The Azure connection module is generic. It takes a remote peer’s public IP, BGP ASN, APIPA address, and custom BGP addresses, then creates the Azure-side connection. It’s used once per tunnel, regardless of whether the remote peer is AWS, an office firewall, or another cloud.

The Azure VPN Gateway

The gateway is always provisioned with active-active and two public IPs:

resource "azurerm_subnet" "gateway" {
name = "GatewaySubnet" # Azure requires this exact name
resource_group_name = var.vnet_resource_group_name
virtual_network_name = var.vnet_name
address_prefixes = [var.gateway_subnet_prefix] # minimum /27
}

resource "azurerm_public_ip" "pip1" {
name = "${var.base_resource_name_h}-vpngw-pip-1"
location = var.location
resource_group_name = var.resource_group_name
allocation_method = "Static"
sku = "Standard"
}

resource "azurerm_public_ip" "pip2" {
name = "${var.base_resource_name_h}-vpngw-pip-2"
location = var.location
resource_group_name = var.resource_group_name
allocation_method = "Static"
sku = "Standard"
}

resource "azurerm_virtual_network_gateway" "this" {
name = "${var.base_resource_name_h}-vpngw"
location = var.location
resource_group_name = var.resource_group_name
type = "Vpn"
vpn_type = "RouteBased"
sku = "VpnGw1"
active_active = true
bgp_enabled = true

bgp_settings {
asn = 65515

peering_addresses {
ip_configuration_name = "vpn-ip-config-1"
apipa_addresses = var.azure_apipa_addresses_1 # instance 0 APIPA addresses
}

peering_addresses {
ip_configuration_name = "vpn-ip-config-2"
apipa_addresses = var.azure_apipa_addresses_2 # instance 1 APIPA addresses
}
}

ip_configuration {
name = "vpn-ip-config-1"
public_ip_address_id = azurerm_public_ip.pip1.id
private_ip_address_allocation = "Dynamic"
subnet_id = azurerm_subnet.gateway.id
}

ip_configuration {
name = "vpn-ip-config-2"
public_ip_address_id = azurerm_public_ip.pip2.id
private_ip_address_allocation = "Dynamic"
subnet_id = azurerm_subnet.gateway.id
}
}

Each ip_configuration maps to a gateway instance. Each instance gets its own APIPA addresses. Note: this resource takes 30-45 minutes to provision.
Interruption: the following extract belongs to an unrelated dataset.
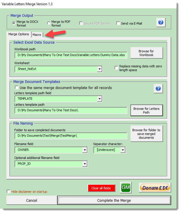 Suggested by a forum post in the lockdown summer of 2021, this page features another type of merge process where the merge document to be used is declared in a column of the Excel data source.
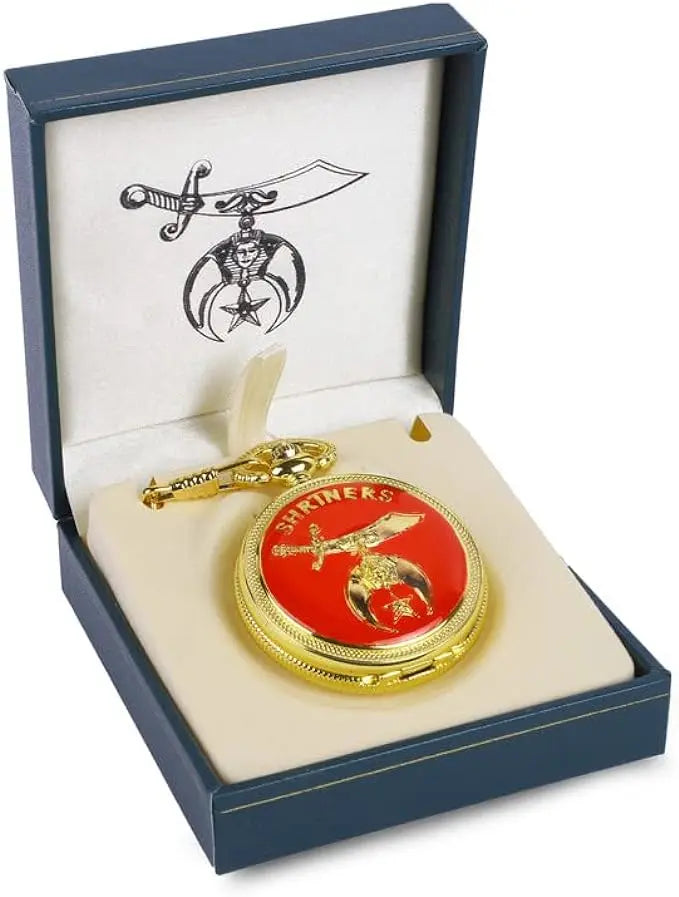 We have a curated collection of antique masonic pocket watches in gold. A few examples include Fire Dept. Truck Pocket Watch Gold, Eagle Antique Pocket Watch, Masonic Antique Compass/Square Pocket Watch, Shriner’s Red & Gold Pocket Watch, and more.

The APIPA addresses are derived from the AWS tunnel CIDRs using cidrhost:

locals {
azure_apipa_instance_0 = [for cidr in var.aws_tunnel_inside_cidrs[0] : cidrhost(cidr, 2)]
azure_apipa_instance_1 = [for cidr in var.aws_tunnel_inside_cidrs[1] : cidrhost(cidr, 2)]
}

cidrhost(cidr, 2) picks host 2 from each /30 — the Azure side of the tunnel.

The AWS Side

The existing VGW is looked up via a data source. We create two Customer Gateways (one per Azure public IP) and two VPN Connections:

data "aws_vpn_gateway" "this" {
id = var.aws_vgw_id
}

resource "aws_customer_gateway" "instance_0" {
bgp_asn = var.azure_bgp_asn # 65515
ip_address = var.azure_gateway_public_ip_1 # Azure PIP 1
type = "ipsec.1"
}

resource "aws_customer_gateway" "instance_1" {
bgp_asn = var.azure_bgp_asn # 65515
ip_address = var.azure_gateway_public_ip_2 # Azure PIP 2
type = "ipsec.1"
}

resource "aws_vpn_connection" "instance_0" {
vpn_gateway_id = data.aws_vpn_gateway.this.id
customer_gateway_id = aws_customer_gateway.instance_0.id
type = "ipsec.1"

tunnel1_inside_cidr = var.tunnel_inside_cidrs_instance_0[0] # 169.254.21.0/30
tunnel2_inside_cidr = var.tunnel_inside_cidrs_instance_0[1] # 169.254.22.0/30
}

resource "aws_vpn_connection" "instance_1" {
vpn_gateway_id = data.aws_vpn_gateway.this.id
customer_gateway_id = aws_customer_gateway.instance_1.id
type = "ipsec.1"

tunnel1_inside_cidr = var.tunnel_inside_cidrs_instance_1[0] # 169.254.21.4/30
tunnel2_inside_cidr = var.tunnel_inside_cidrs_instance_1[1] # 169.254.22.4/30
}

We specify the inside CIDRs explicitly so they match the APIPA addresses already configured on the Azure gateway. If you omit them, AWS auto-assigns random /30s and you’d have to update Azure to match.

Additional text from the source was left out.